Tuesday, July 25, 2006

E-fedding at its roots... WRITING

No matter what anyone's take on e-fedding is, one thing's for certain. In the end, it's all just fan fiction. It's all just some form of writing. Regardless of style, subject matter, tone... we're all writers.

Now, when we get into what kinds of writing are suited for e-wrestling, then you get the fists flying and the blood flowing. There are so many ways to write, and everyone seems to have their own ideas. When you cross personalities and styles and all that crap, you get a lot of divergent philosophies.

Well, I'd like to think my philosophy is pretty simple and tolerant of most stuff. I mean, I really have nothing against script or narrative writing. As for content, really, as long as you're not shooting on anyone (out-of-character in an in-character setting), you keep things wrestling related and you keep things somewhat grounded, I'm probably not going to have a problem with it.

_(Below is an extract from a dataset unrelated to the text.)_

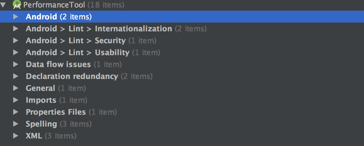 Lint主要是提供一套静态代码分析的工具,它可以帮助我们检查项目中存在的问题,让我们更有规范性的开发App。运行菜单的analyze->Inspect Code。

Even if it doesn't agree with any of those three criteria, hey, I mean, I don't have to like it or read it, but you're doing your own thing, and I'm not going to butt in.

However, when it comes to purpose... I really think that EVERYTHING written for anything e-wrestling related should have one of two purposes:

1 - Creation and development of your own character

and/or

2 - Creation and development of heat with other people's characters

This should be ironclad. Anything else really doesn't belong.

Should any piece serve both purposes? No, and usually, pieces that showcase character development rarely build heat and vice-versa. That's okay, that's why we have different settings for RPs. Plus, you could always do both with on-card segments.

But there's no doubt that while good e-fedders may be able to get away with only doing one of those consistently, the great ones do both. Character development without heat is masturbation and heat building without character development is just arguing for the sake of arguing really.

This is why I'm of the belief that trash talk is the best way to go for match RPing. Of course, it's not totally necessary; PTC feds can get away with doing their storyline RPs because for the most part, heat is built on card. Still though, it's not the same when you do it in RPs, mainly because it's a lot more spontanous that way.

So the moral of the story is that there's room in the hobby for many different kinds of writing. No one style is intrinsically better than any other, but there are times when different styles fit over all other ones.

2 comments:

Josh Ray said...

Some of us got it... some of us don't...

The ability to write, that is.

I, my friends, do not!

Anonymous said...

I tried fixing it Jason -- lemme know if you're good now.